Source: Journal of Research on Technology in Education, 42(3), 309–328. (2010)
(Reviewed by the Portal Team)
Despite three decades of advances in information and communications technology (ICT) and a generation of research on cognition and new pedagogical strategies, the field of assessment has not progressed much beyond paper-and-pencil item-based tests. Research has shown these instruments are not valid measures of sophisticated intellectual performances.
In this article, the authors present a model for how technology can provide more observations about student learning than current assessments. To illustrate this approach, the authors describe their early research on using immersive technologies to develop virtual performance assessments.
The authors are using the Evidence Centered Design (ECD) framework (Mislevy, Steinberg, & Almond, 2003) to develop interactive performance assessments for measuring scientific inquiry that are more reflective of the situative, complex performances that scientists and scholars expert in inquiry learning call for students to master.
ECD is a comprehensive framework that contains four stages of design:
1. Phase 1: domain analysis
2. Phase 2: domain modeling
3. Phase 3: conceptual assessment framework and compilation
4. Phase 4: delivery architecture
Phases 1 and 2 focus on the purposes of the assessment, nature of knowing,
and structures for observing and organizing knowledge.
Phase 3 is related to the Assessment Triangle. In this stage, assessment designers focus on the student model (what skills are being assessed), the evidence model (what behaviors/performances elicit the knowledge and skills being assessed), and the task model (what situations elicit the behaviors/ evidence). In the compilation stage of Phase 3, tasks are created. The purpose is to develop models for schema-based task authoring and developing protocols for fitting and estimation of psychometric models.
Phase 4, the delivery architecture, focuses on the presentation and scoring of the task (Mislevy et. al. 2003, Mislevy & Haertel, 2006).
The assessments that the authors are creating will complement rather than replace existing standardized measures by assessing skills not possible via item-based paper-and-pencil tests or hands-on real-world performance assessments.
One of the advantages of developing virtual assessments is that they will alleviate the need for extensive training for administering tasks. It is difficult to standardize the administration of paper-based performance assessments, and extensive training is required to administer the tasks. With virtual assessments, we can ensure standardization by delivering instruction automatically via the technology.
A second advantage is that virtual assessments alleviate the need for providing materials and kits for hands-on tasks. Everything will be inside the virtual environment.
Third, these performance assessments will be easier to administer and will require very little, if any, training of teachers. Scoring will all be done behind the scenes; there will be no need for raters or training of raters.
Fourth, virtual assessments would alleviate safety issues and inequity due to lack of resources.
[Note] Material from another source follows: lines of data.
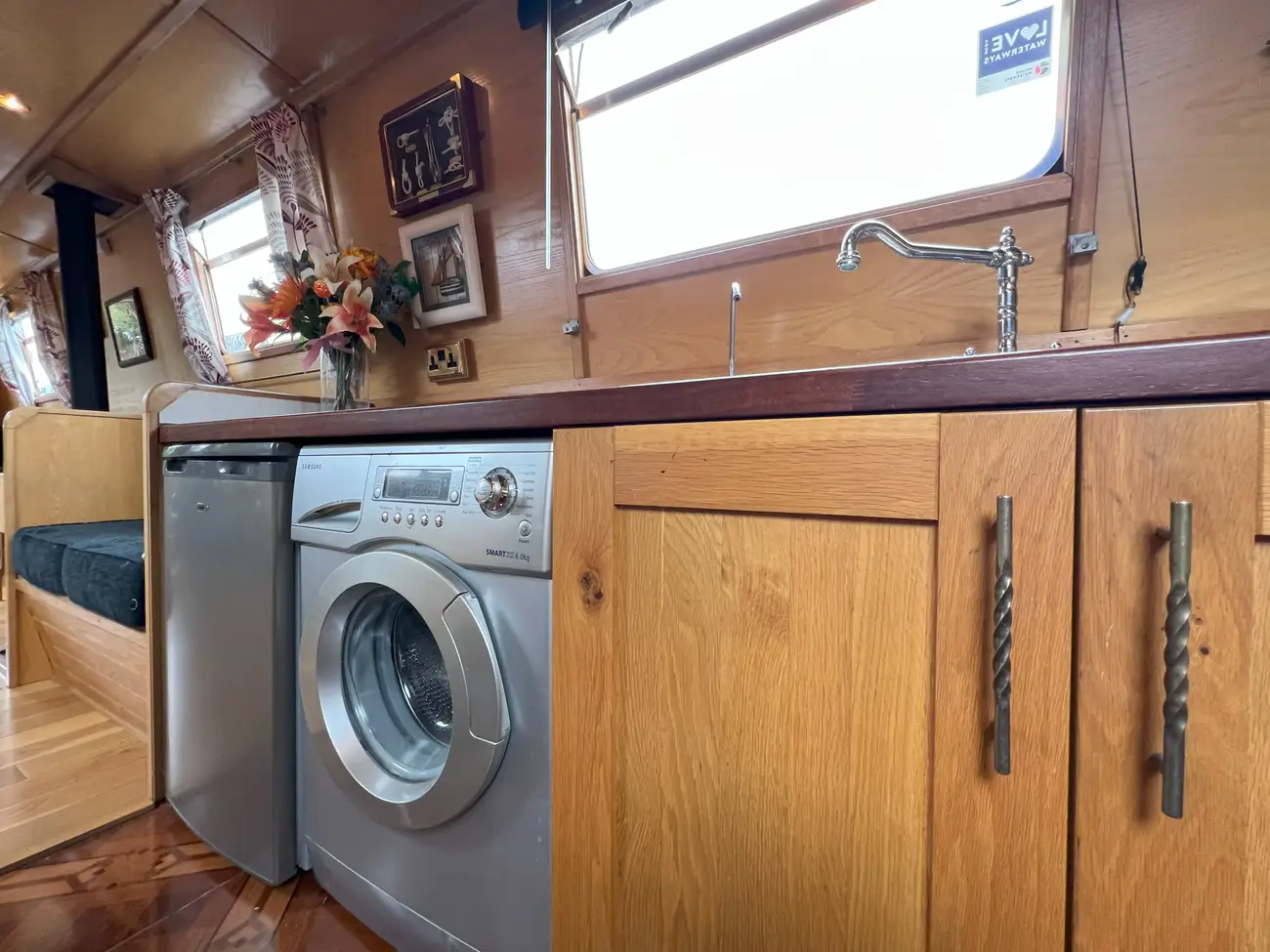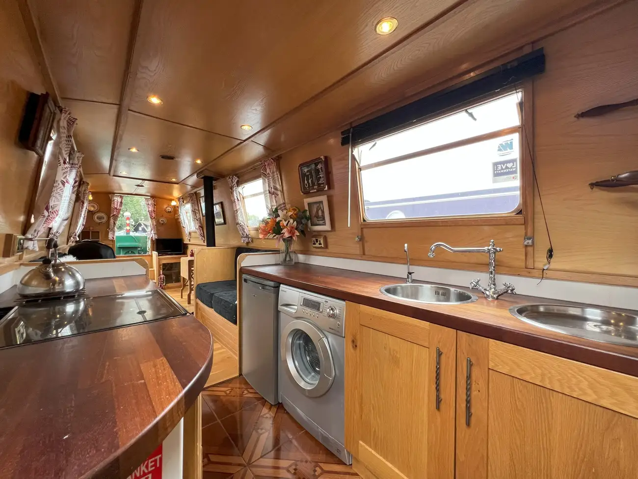 The walk-through galley kitchen is fitted to a high standard, finished with Iroko wood work surfaces and bespoke cabinetry. Appliances include a 4-burner gas hob, oven and grill, a 240V 6kg Samsung washing machine, and a 240V Logik fridge. A stainless-steel sink with drainer and a port-side hatch ensure plenty of natural light and ventilation, creating a bright and practical working space.
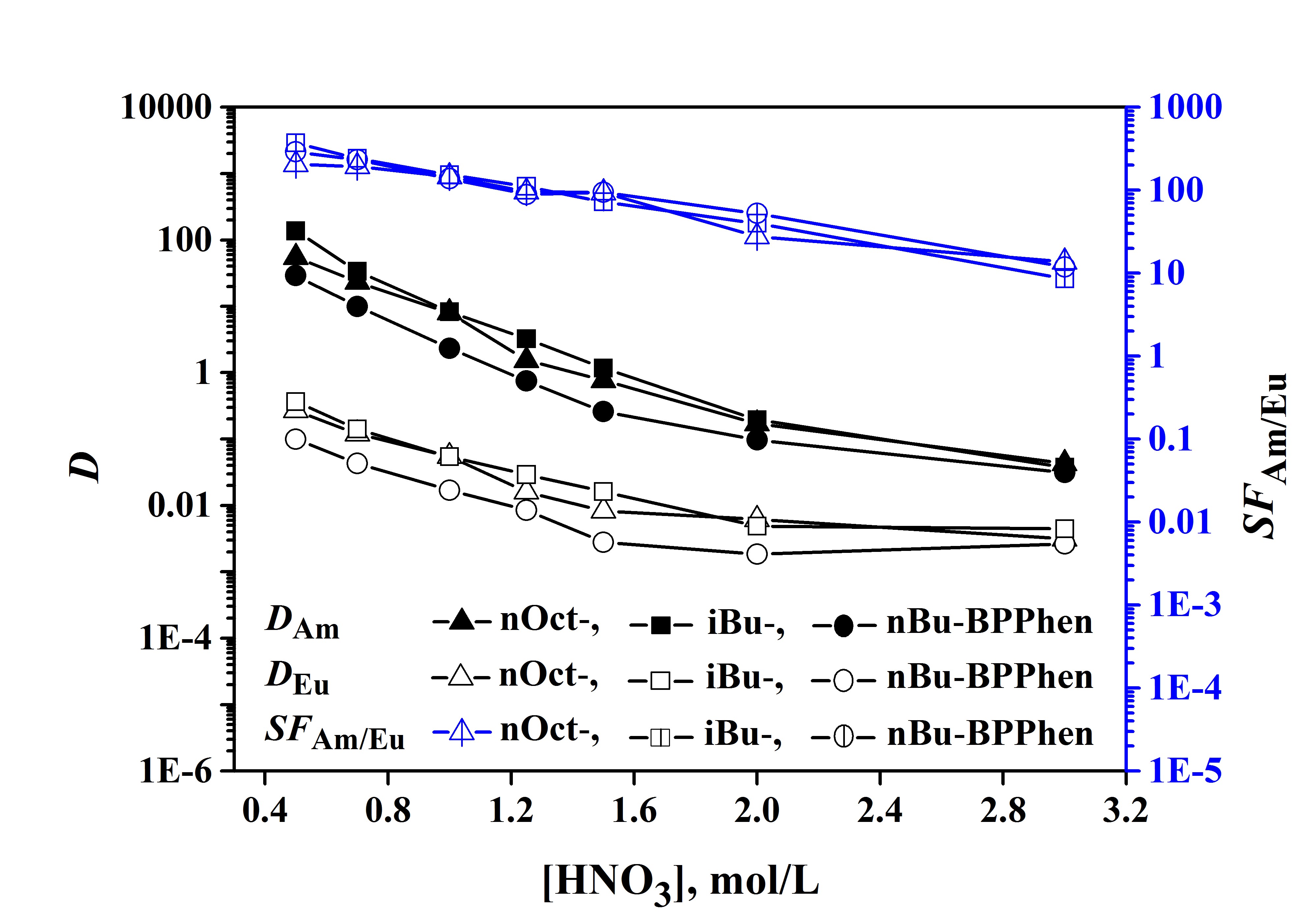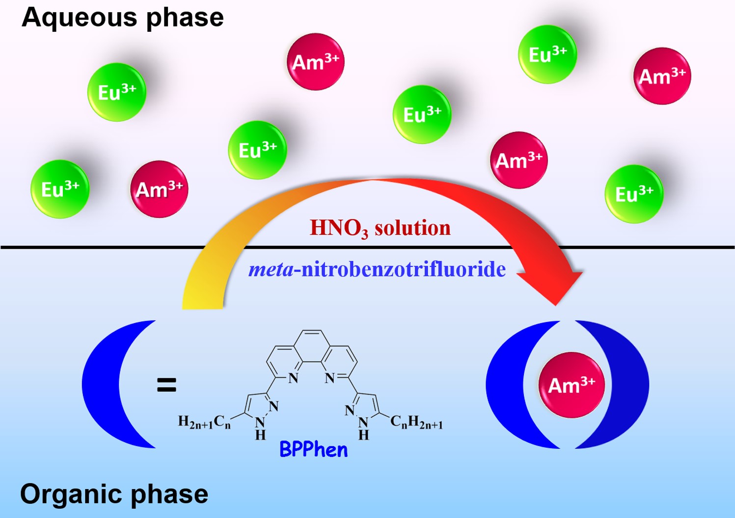 核工业高放废液处理中An3+与Ln3+的分离被公认为最具挑战性课题之一。迄今,尚未得到满意解决。目前,主要采用BTP、BTBP和BTPhen等三嗪吡啶类含N配体对An3+/Ln3+进行选择性萃取分离。尽管这类配体有较好的分离效果,但仍存在萃取动力学缓慢、不易反萃、酸稳定性差等缺点,尚不能满足实际需要。因此,研发新型高效的含N配体具有十分重要的意义!本工作首次合成了一类具有预组织性的邻二氮菲双吡唑配体(BPPhen)。萃取研究结果表明,BPPhen类配体可实现Am3+与Eu3+的高选择性分离;有快的萃取动力学(15 min即可达到萃取平衡);3.0 mol/L HNO3能定量反萃Am3+和Eu3+。同时,它们还具有十分优异的抗酸稳定性,与10 mol/L HNO3接触1个月,配体未发生降解。BPPhen克服了三嗪吡啶类配体存在的缺点,展示了良好的工业应用前景。
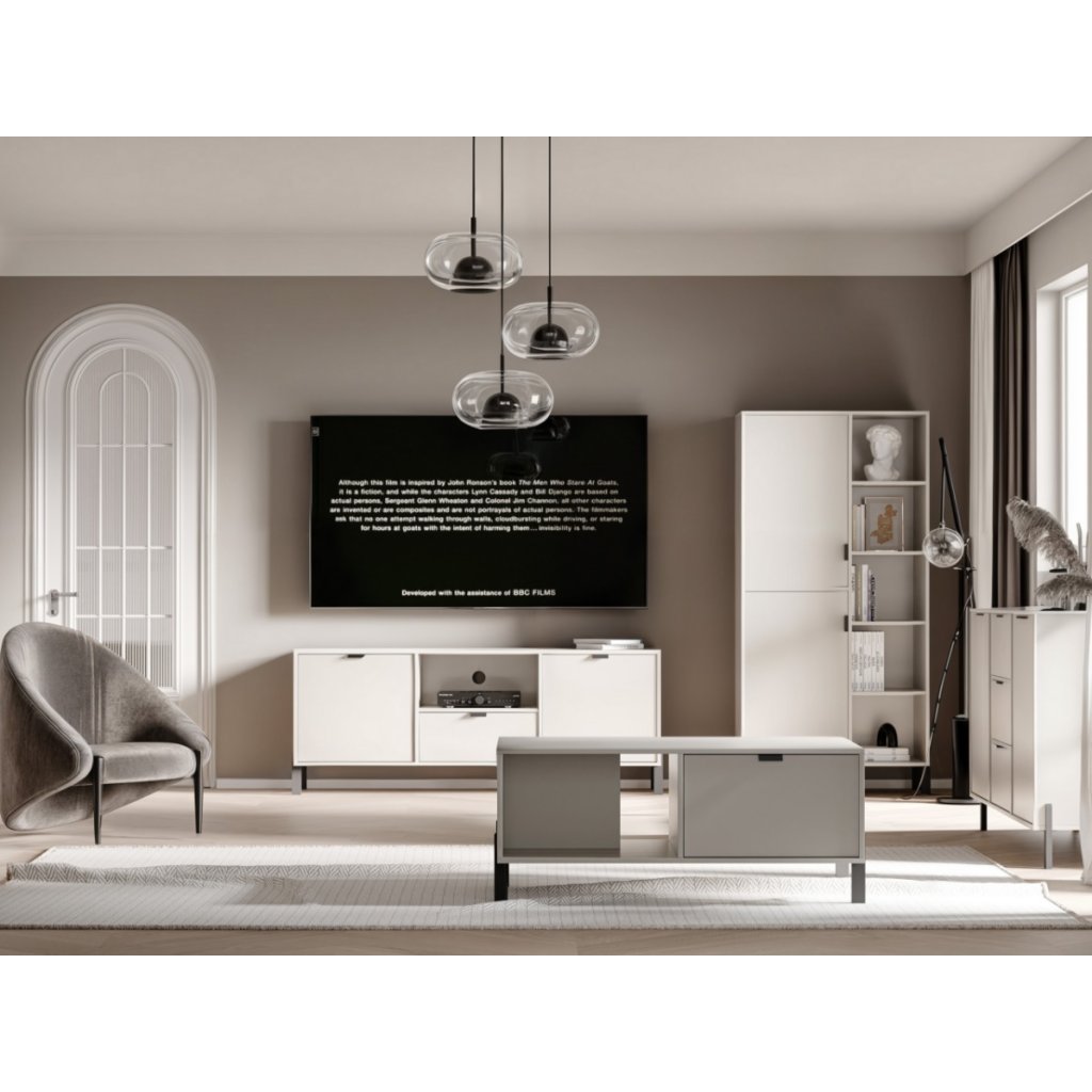 A CREMONA nappali fala kiváló minőségű laminált anyagokból készült. Az eredeti fogantyúk erősek és tartósak. A bútor stílusát magas lábak teszik teljessé, amelyek robotporszívónak is alkalmasak. A bútorok rendkívüli könnyen karbantartható – elég neki törölje nedves rongy- vagy bútortisztító.

In their work in developing virtual inquiry curricula, the authors developed the ability to simulate the passing of time, to allow students to collect data on change over time, and to conduct experiments where time can be fast-forwarded. These capabilities allow for rich learning experiences and the ability to conduct experiments that may take too much time to use for learning or assessment purposes.
References
Mislevy, R., & Haertel, G. (2006). Implications of evidence-centered design for educational testing (Draft PADI Technical Report 17). Menlo Park, CA: SRI International.
Mislevy, R. J., Steinberg, L. S., & Almond, R. G. (2003). On the structure of educational assessments. Measurement: Interdisciplinary Research and Perspectives, 1, 3–62.